Ashland (ASH 0.18%) is a chemicals company that also happens to own Valvoline. It's dealing with two notable issues right now -- sluggish economic growth and its own efforts to rejigger its portfolio. Continued success with the latter could lead investors to rethink how they value the company. So here are three reasons Ashland stock could rise.

The Valvoline spin
The biggest thing going on at Ashland right now is the attempt to spin off Valvoline, the motor oil and oil change business that accounts for roughly 40% of revenues. The thing is, Valvoline really has its own brand identity and a vastly different business model than the rest of Ashland's chemical focused businesses. So a spinoff makes sense in many ways, even though some large shareholders would rather the transaction not take place.

Ashland is two brands in one. Source: Ashland.

This is really very different from, and lot simpler than, what's going on at Dow Chemical (DOW) and DuPont (DD). This pair is linking up while both are struggling with the goal of cutting costs and then breaking up into as many as three companies. Investors have rewarded this pair despite the fact that the total transformation is years away and incredibly complex. Ashland's break is child's play in comparison and should be over and done with by the end of the year.

Indeed, if Ashland does successfully spin off Valvoline, it will allow the two entities to focus on their core operations and give investors the opportunity to value each of the parts on its own merits. Valvoline, for it's part, has been doing quite well, with Ashland CEO Bill Wulfsohn explaining during the company's fiscal first-quarter conference call that "the Valvoline team delivered record Q1 earnings." So, unlike Dow and DuPont, Ashland is set to provide an asset with real value to shareholders in short order.
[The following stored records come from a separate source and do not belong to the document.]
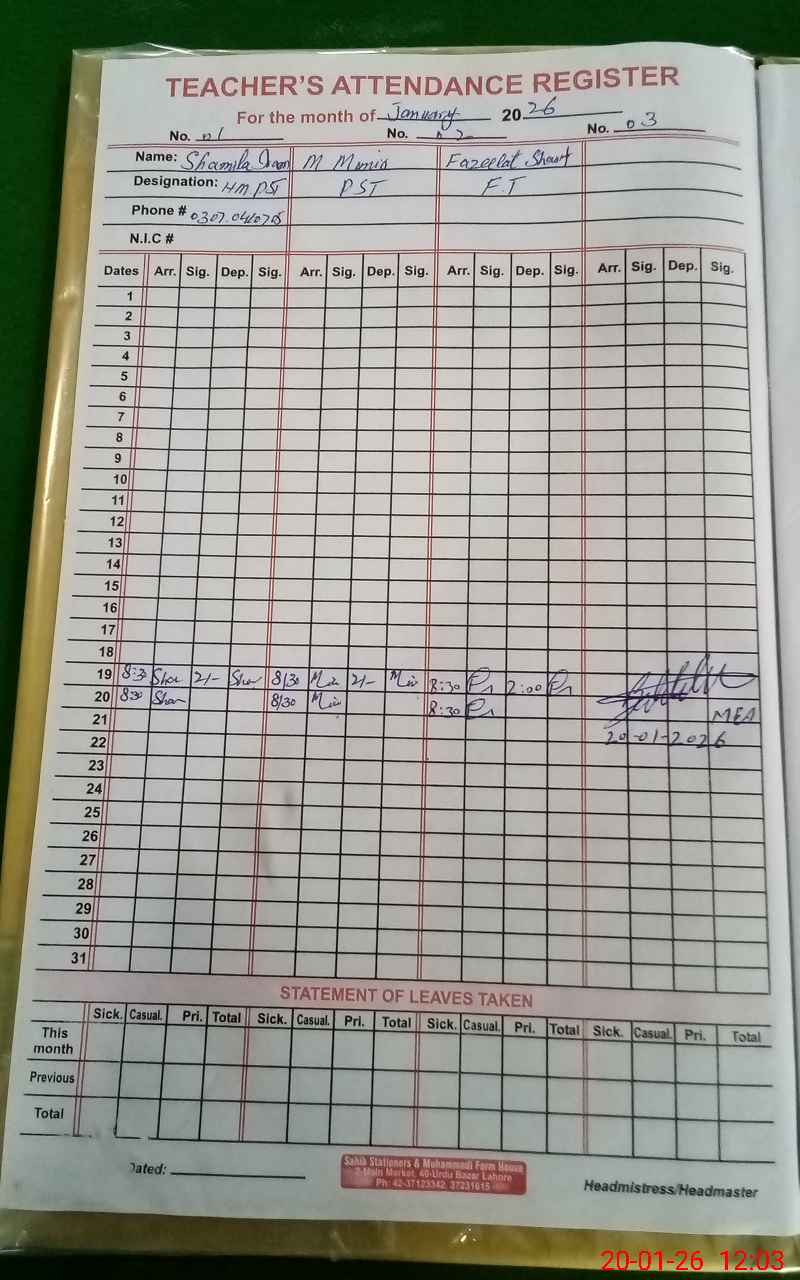 | Name: SH**** IR**** Designation: (School Headmaster's/Headmistress's) PST Phone/Cell Number: 03**** |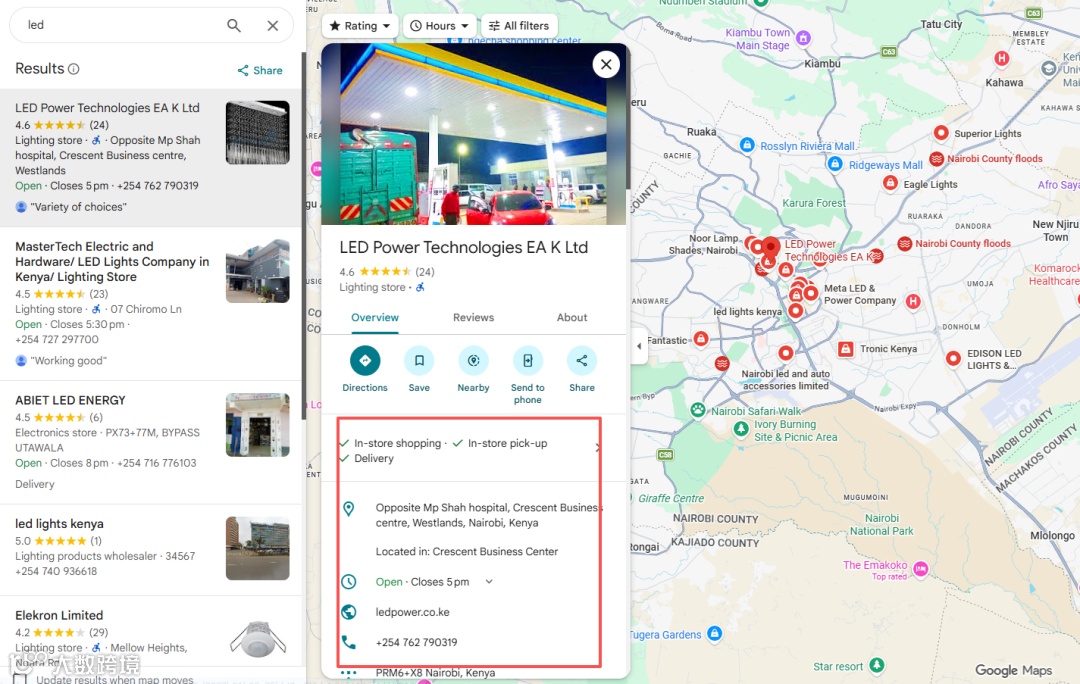 谷歌地图是肯尼亚最常用的地图之一,收录了非常多的肯尼亚本土企业,非常推荐的一种地毯式开发方式,搜索一般是先定位想要开发的城市,然后输入产品关键词进行搜索开发即可。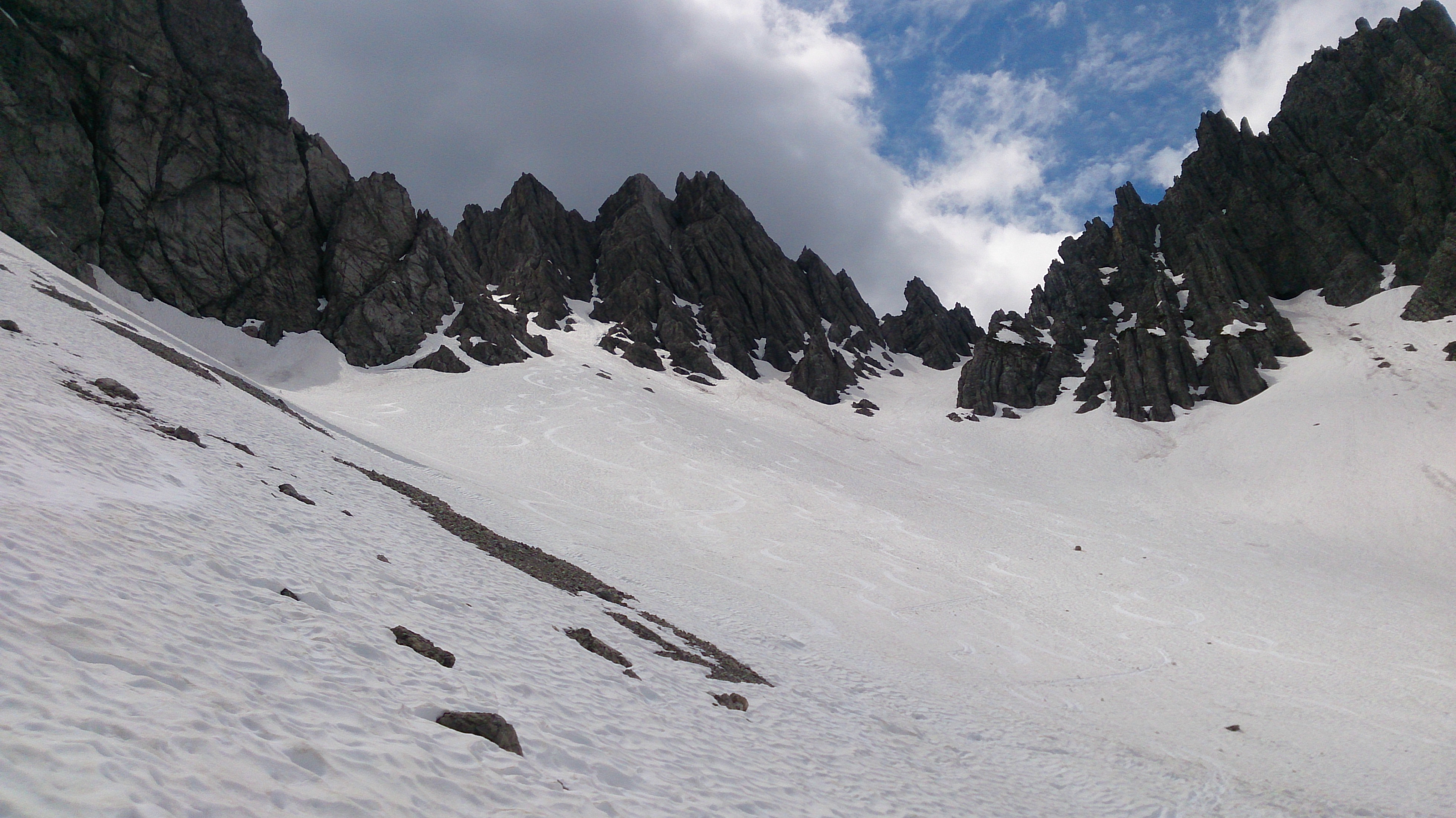 Sehr gute Abfahrt durch die erste Rinne - landschaftlich auch beeindruckend:

So it's reasonable to expect that Valvoline will be greeted warmly by the market and, on balance, provide investors with a net benefit. But what about the chemicals businesses? That's going to be a harder sell right now, but there's good things going on there, too.

Getting tough in a tough market
To be honest, the chemicals business will benefit most if demand and pricing in the chemicals markets it serves pick up. For example, it sells into the oil and gas drilling market, which is feeling the sting of falling commodity prices. That's a big headwind, and there's not a whole lot the company can do about the broader trends in the chemicals business. However, it is working hard to control the aspects of its business that it can control.

Specifically, Ashland is working to get a handle on costs and improve its business mix. On that score, the CEO noted that "while overall revenues declined the Ashland team drove a 240 basis point improvement in EBITDA margins versus prior year." Despite a difficult sales environment, Ashland has been able to aggressively control costs and improve its efficiency. That's being hidden by the broad weakness in the chemicals markets.

And there are some key areas to watch, like pharmaceutical, personal care products, and coatings. These are three areas on which the company is focusing and that managed to put up solid results despite the overall weakness. At some point, the company's successful navigation of the current market will start to shine through. And it probably won't require a full-on industry upturn, just some industry stabilization.

To be fair, a global recession would hurt Ashland. But anything from a flat market to an uptick would likely lead investors to see the solid progress the company has made.

But maybe sooner
There's a wild card here, however. That's because part of Ashland shifting its business around has involved divestitures. Those asset sales helped to depress the top line at a bad time for the broader industry, making Ashland's performance look worse than it really has been of late. For example, when it sold its water technologies business it lost roughly $1.7 billion in annual revenues.

A lot of hard work has remade Ashland's business. Source: Ashland.

The timing of this is important. However, since the sale was completed in August, that means those revenues are still in the year-over-year sales comparisons. That's going to change later this year, and Ashland's top-line results will start to look a lot better relative to previous periods. Investors are likely to react well to stronger year-over-year comparisons even if the broader chemicals space is still struggling.

Down for a reason
Ashland's shares have fallen more than 25% over the past year. There are some good reasons for that, but it doesn't mean that Ashland isn't performing well operationally. Yes, a broad industry upturn will do far more for the company's results and investor perception than any other factor. But there are at least three reasons to think Ashland's stock could rise before that.

The big ones are the company's efforts to create value for shareholders via a successful spinoff of Valvoline, the continuation of solid operational improvements despite the difficult market, and a new revenue baseline without the headwind of divestitures. So if you're watching Ashland, pay attention to this trio, they could lead to higher pricing. And that uptick could happen before the broader chemicals industry starts to strengthen since so much of what Ashland is doing is structural in nature.